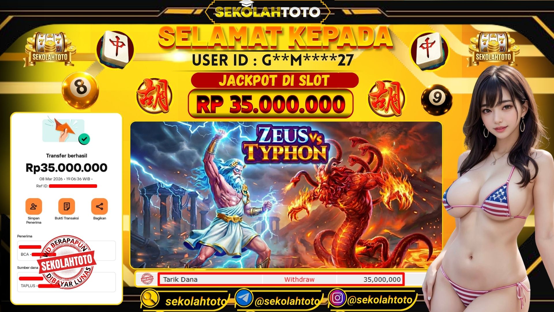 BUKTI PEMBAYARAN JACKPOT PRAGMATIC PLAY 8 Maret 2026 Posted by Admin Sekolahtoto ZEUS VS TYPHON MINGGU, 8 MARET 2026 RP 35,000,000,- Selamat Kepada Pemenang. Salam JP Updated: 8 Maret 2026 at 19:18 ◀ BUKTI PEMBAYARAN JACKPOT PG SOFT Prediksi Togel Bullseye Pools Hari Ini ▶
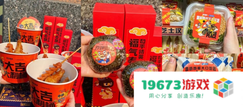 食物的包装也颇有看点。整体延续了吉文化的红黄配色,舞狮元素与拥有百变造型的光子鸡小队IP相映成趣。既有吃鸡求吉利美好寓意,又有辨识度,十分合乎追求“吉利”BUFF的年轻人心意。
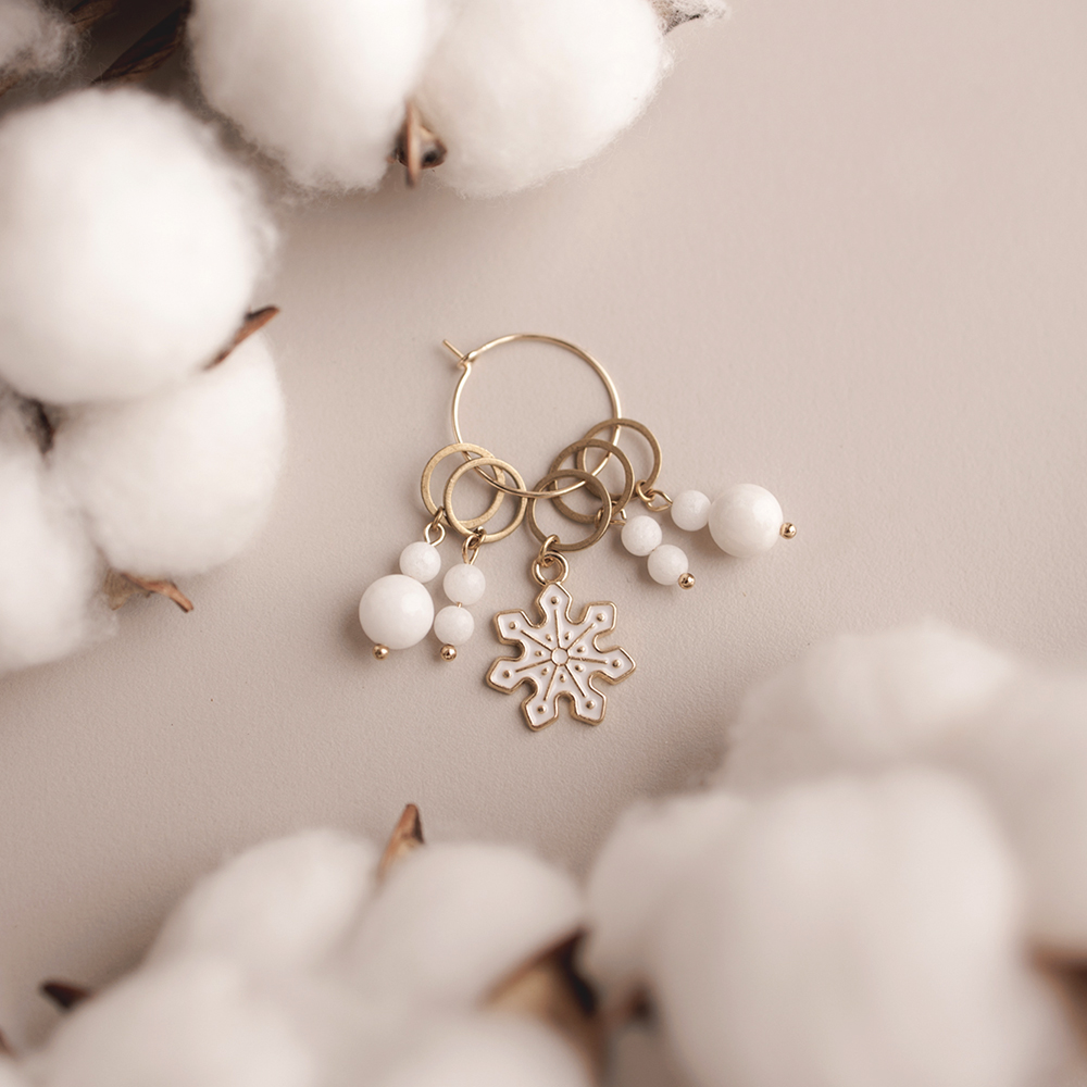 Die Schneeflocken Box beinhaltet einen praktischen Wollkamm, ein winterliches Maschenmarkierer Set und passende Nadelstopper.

******************************

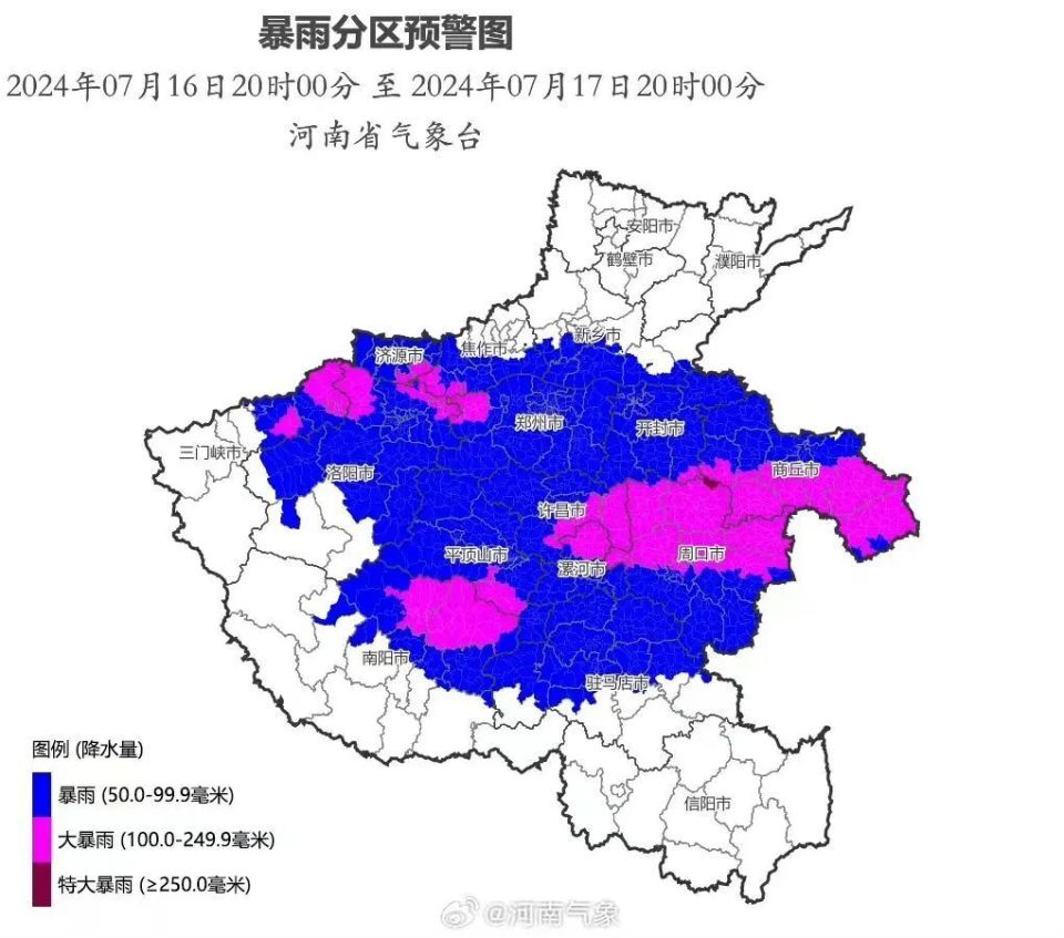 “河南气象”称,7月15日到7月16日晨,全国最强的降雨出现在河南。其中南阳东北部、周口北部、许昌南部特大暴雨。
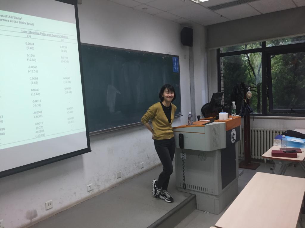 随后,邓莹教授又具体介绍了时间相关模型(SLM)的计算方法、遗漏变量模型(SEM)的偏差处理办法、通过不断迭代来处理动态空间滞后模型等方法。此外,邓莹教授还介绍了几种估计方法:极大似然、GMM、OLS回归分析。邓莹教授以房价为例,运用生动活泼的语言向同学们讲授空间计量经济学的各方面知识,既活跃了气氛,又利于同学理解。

******************************

Work required –
The response must repeat exactly the lines above from the one with "食物的包装也颇有看点。整体延" through the one with "Die Schneeflocken Box", including both, and must contain no pictures and no other text.

Written solution –
 食物的包装也颇有看点。整体延续了吉文化的红黄配色,舞狮元素与拥有百变造型的光子鸡小队IP相映成趣。既有吃鸡求吉利美好寓意,又有辨识度,十分合乎追求“吉利”BUFF的年轻人心意。
 Die Schneeflocken Box beinhaltet einen praktischen Wollkamm, ein winterliches Maschenmarkierer Set und passende Nadelstopper.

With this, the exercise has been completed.